# Vintage Bike Pics



## MarkF (Jul 5, 2003)

Had a great time at the museum, some beautiful bikes on display. I could have spent all day there.









Just sat down to upload the pics and........... *******! I've had the camera on the wrong setting, this is the best pic I have







I hate it when that happens.







I am going back tomorrow to get some good ones, just for you.


----------



## scottishcammy (Jul 11, 2003)

Unlucky Mark







I can see it's a lovley looking machine. Good luck next time around!


----------



## pauluspaolo (Feb 24, 2003)

Where's the museum?

That looks like a Panther sloper single - usually seen with a sidecar attached. If it is one then it's nice to see it without the sidecar! Or could it be a 500cc Vincent Comet - basically 1/2 of the 100cc engine used in the Rapide models









The tank looks BSAish & the suspension looks too modern for either of the above bikes, so what is it?
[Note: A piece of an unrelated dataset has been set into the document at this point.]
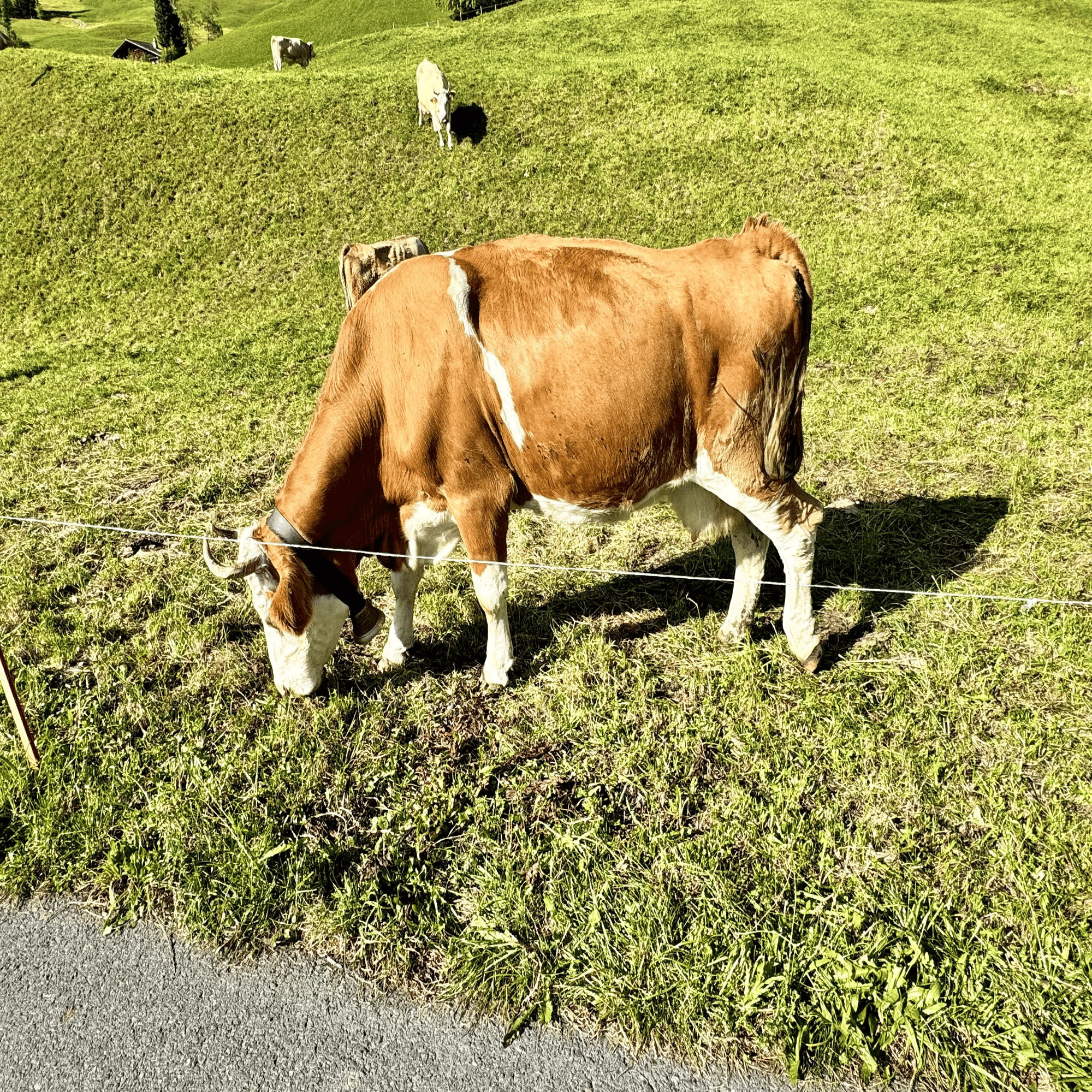 風も気持ち良いし、景色圧巻だし、カウベルの音も心地良い。

C'mon Mark tell us


----------



## MarkF (Jul 5, 2003)

Right first time Paul, a Panther.









The display is in the Industrial Museum, 10 mins from Rodley bottom roundabout. (BD2 3HP)


----------



## mach 0.0013137 (Jan 10, 2005)

Nice looking Panther Mark, looking forward to seeing a better photo









I rode one once with a view to buying, can`t remember why I didn`t









Lovely great thumpers


----------